> Directions
First find the line with "Die gehobene Ausstattung", then reproduce it and all following lines of the data to the end, exactly and with no pictures, adding nothing.

> Dataset excerpt
· · · · ·
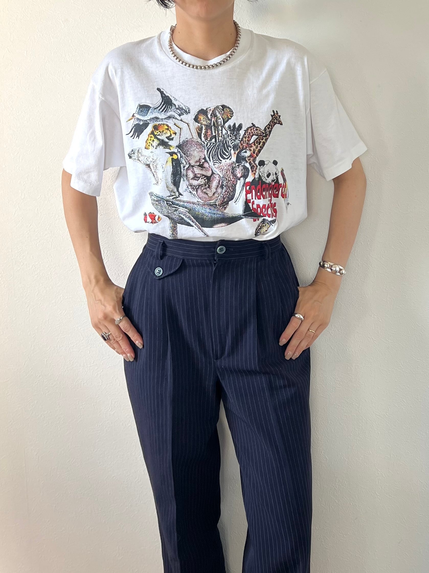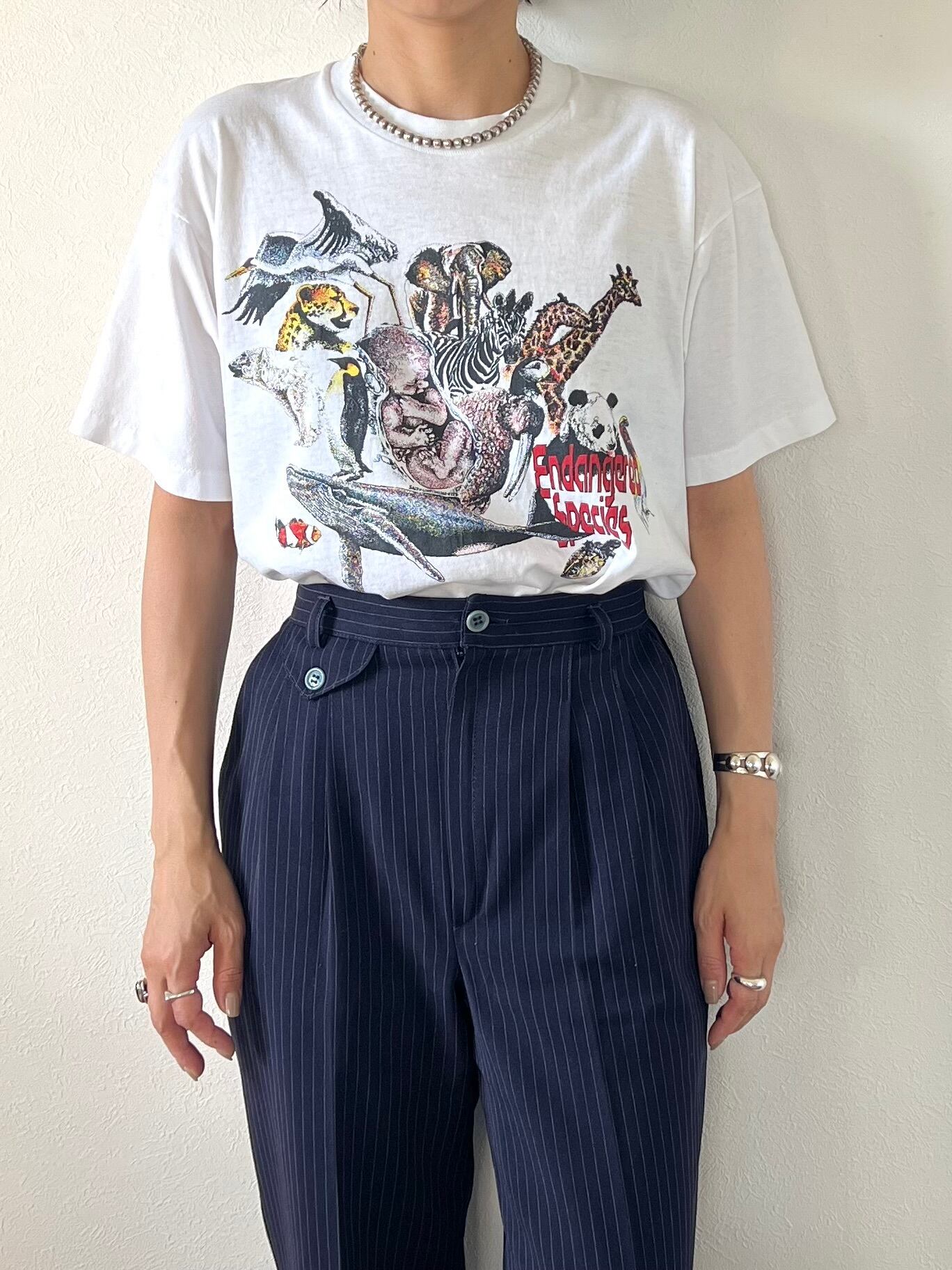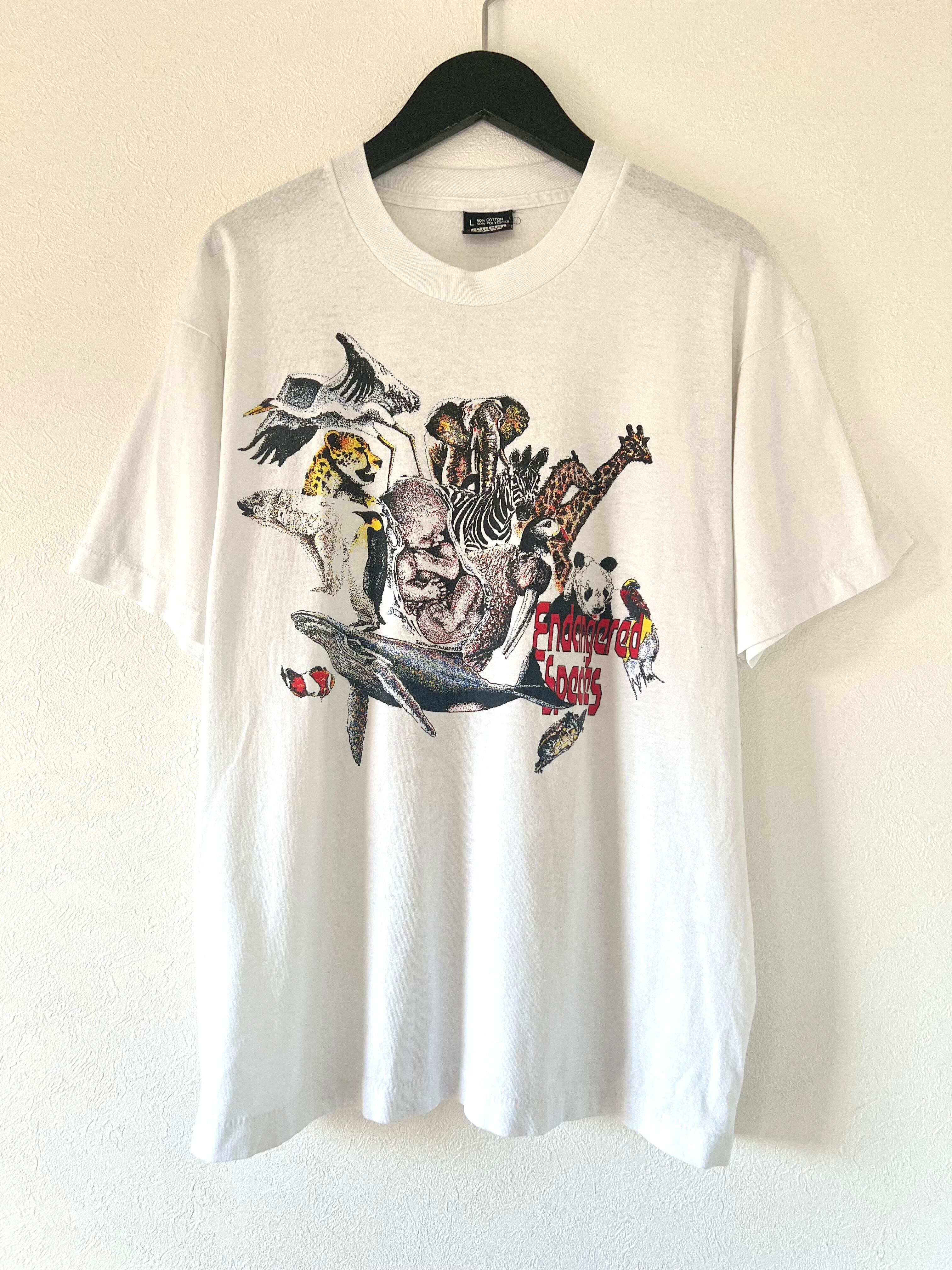 よく見ると点で色付けされた凝った動物プリントが一癖ある80年代のSCREEN STARSボディのプリントTシャツ。
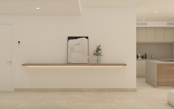 Die gehobene Ausstattung der Wohnung lässt keine Wünsche offen. Ein Highlight ist der offene Wohn- und Essbereich mit einer komplett ausgestatteten Einbauküche. Von hier aus gelangen Sie auch auf den Balkon, auf dem Sie die Sonne und die Ruhe genießen können. Die Klimaanlage sorgt auch an heißen Tagen für ein angenehmes Raumklima.
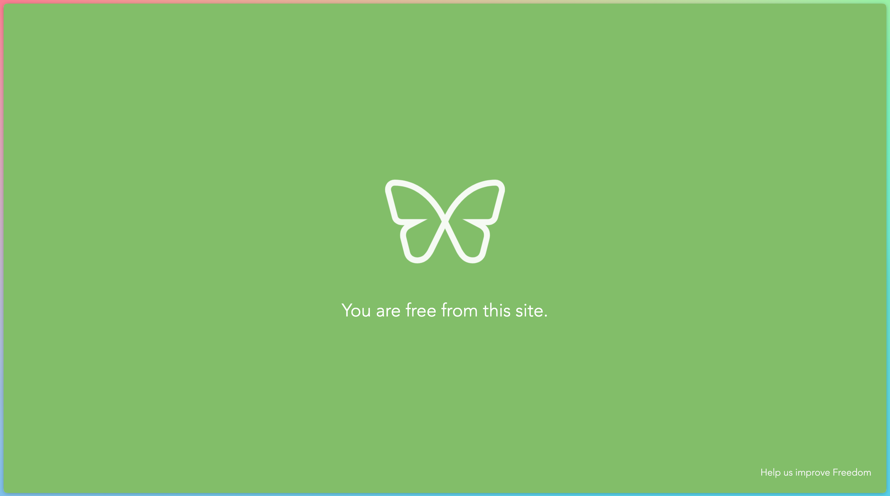 Selecting ‘Locked Mode’ means you can’t remove the limitations once you’ve started a session. Select any amount of time you want, and Freedom will block your list. Try to go somewhere blocked, and get hit with:
· · · · ·
> Finished task
 Die gehobene Ausstattung der Wohnung lässt keine Wünsche offen. Ein Highlight ist der offene Wohn- und Essbereich mit einer komplett ausgestatteten Einbauküche. Von hier aus gelangen Sie auch auf den Balkon, auf dem Sie die Sonne und die Ruhe genießen können. Die Klimaanlage sorgt auch an heißen Tagen für ein angenehmes Raumklima.
 Selecting ‘Locked Mode’ means you can’t remove the limitations once you’ve started a session. Select any amount of time you want, and Freedom will block your list. Try to go somewhere blocked, and get hit with:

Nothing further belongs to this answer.